Unknown Facts about Tomatoes

  • Water makes up 94.5 percent of the weight of a tomato.

  • Tomatoes are members of the Nightshade plant family (potato, tobacco, and chili peppers), which originated in Central America. It was domesticated by the Aztecs circa 500 BC and was used as a meal as well as a powerful (and hazardous) hallucinogenic.

  • If you store tomatoes with the stem down, they will last longer.

  • During the conquest of the Aztec capital of Tenochtitlan, Spanish conqueror Hernán Cortés came into touch with tomato for the first time. He brought the seeds back to Spain, where they were immediately included in the soldiers' and sailors' daily meals.

  • It's estimated that there are around 25,000 tomato varieties.

  • Many European countries were keen on not adopting tomatoes and other new world vegetables into their menus. They were dreaded because they were not mentioned in the Bible, their untrained use resulted in poor farm yields, and their inedible parts brought sickness and death.

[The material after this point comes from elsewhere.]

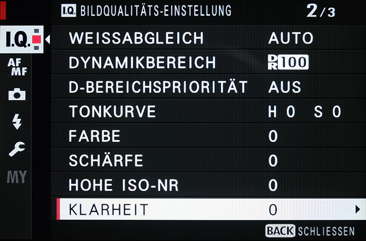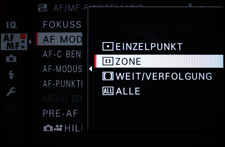 Meistens verwende ich nur ein Messfeld, aber natürlich ist man nicht darauf festgelegt. Wie aus anderen Fujifilm X-Modellen bekannt, kann man im Menü oder Quick-Menü eine größere „Zone“ wählen, dazu die Einstellung „Weit/Verfolgung“ und „Alle“.

  • Tomatoes provide more vitamins to Americans than any other vegetable.

  • Every year, the average American consumes about 24 pounds of tomatoes.

  • Tomato fruits were frequently used as table decorations in Italy during the 17th and 18th centuries. During this time, Italian botanists used selective breeding to create a plethora of tomato varieties.

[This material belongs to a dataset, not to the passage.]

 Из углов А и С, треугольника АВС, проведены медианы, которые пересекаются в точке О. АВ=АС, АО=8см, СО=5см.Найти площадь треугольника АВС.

  • Botanist Alexander W. Livingston invented several cultivars of tomato that were ideal for mass industrial production and processing, which led to modern-day tomato production in the United States.

  • Tomatoes are grown in 93 percent of American gardens! It is the most widely consumed vegetable in the United States.

  • California produces 96 percent of all processed tomatoes in the United States. Fresh market tomatoes are grown and sold in abundance in Florida.

  • The heaviest tomato weighed 3.51 kilograms, the tallest tomato plant measured 19.8 meters, and the greatest tomato tree produced 32 thousand tomatoes weighing 522 kilograms.

  • Tomatoes lose their Vitamin C quickly if they are exposed to sunlight while being stored.

  • On their way to the supermarket, tomatoes are sometimes picked green and dosed with ethylene gas. This ensures that they are fully ripe when they arrive.

  • In French and Spanish, tomatoes are referred to as "tomate," "tomaat" in Dutch, and "pomodoro" in Italian.

  • If you store green tomatoes near apples, they will ripen. The ethylene gas that has been released will create optimal conditions for the fruit to mature faster. If you don't have any apples, wrap them loosely in newspapers and store them for a week or two.

  • The tomato was dubbed "The Apple of Love" in France and "The Apple of Paradise" in Germany in the nineteenth century. It was thought to be poisonous in England.

  • Over the previous 20 years, Americans have boosted their tomato consumption by 30%. Salsa, on the other hand, has just surpassed ketchup as the most popular condiment in the United States.

  • The leaves of the tomato plant are poisonous.

  • Processed tomatoes account for 34% of tomato consumption in the United States.

  • Tomatoes have a wide range of medicinal qualities. It can reduce cancer risk, prevent cardiovascular disease, purify cigarette smoke toxins, lower hypertension, regulate blood levels, dissolve gallstones, reduce the severity of blood clots, treat inflammation, and more.

  • Tomatoes lose their flavor and quality when they are refrigerated.

  • Tomato juice is Ohio's official state beverage and New Jersey's official vegetable.

  • Tomato production reached 145.7 million tons worldwide in 2010. China leads the world in production and exports, with 41.8 million tons.